🤖 AI Summary
In autonomous driving, perception uncertainty induced by dynamic and static occlusions severely compromises decision-making reliability. Existing occlusion-aware perception methods suffer from high computational complexity, poor generalization, reliance on expert-annotated data, and lack of predictive capability. This paper proposes Pad-AI, a novel framework grounded in active perception that jointly learns vectorized environmental representations and semantic motion primitives to enable efficient high-order exploration.
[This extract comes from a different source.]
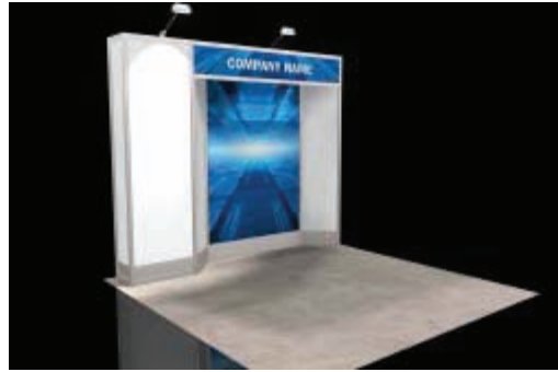
Graphics & Custom Logo

Crucially, Pad-AI pioneers the unified integration of predictive modeling and reinforcement learning into a joint prediction–decision architecture, enabling risk-aware policy learning and formal safety guarantees. Evaluated in complex closed-loop scenarios, Pad-AI significantly outperforms strong baselines across three critical dimensions: scene generalization, sample efficiency, and safety—demonstrating breakthrough performance in all.
📝 Abstract
Occlusion-aware decision-making is essential in autonomous driving due to the high uncertainty of various occlusions. Recent occlusion-aware decision-making methods encounter issues such as high computational complexity, scenario scalability challenges, or reliance on limited expert data. Benefiting from automatically generating data by exploration randomization, we uncover that reinforcement learning (RL) may show promise in occlusion-aware decision-making. However, previous occlusion-aware RL faces challenges in expanding to various dynamic and static occlusion scenarios, low learning efficiency, and lack of predictive ability. To address these issues, we introduce Pad-AI, a self-reinforcing framework to learn occlusion-aware decision-making through active perception. Pad-AI utilizes vectorized representation to represent occluded environments efficiently and learns over the semantic motion primitives to focus on high-level active perception exploration. Furthermore, Pad-AI integrates prediction and RL within a unified framework to provide risk-aware learning and security guarantees. Our framework was tested in challenging scenarios under both dynamic and static occlusions and demonstrated efficient and general perception-aware exploration performance to other strong baselines in closed-loop evaluations.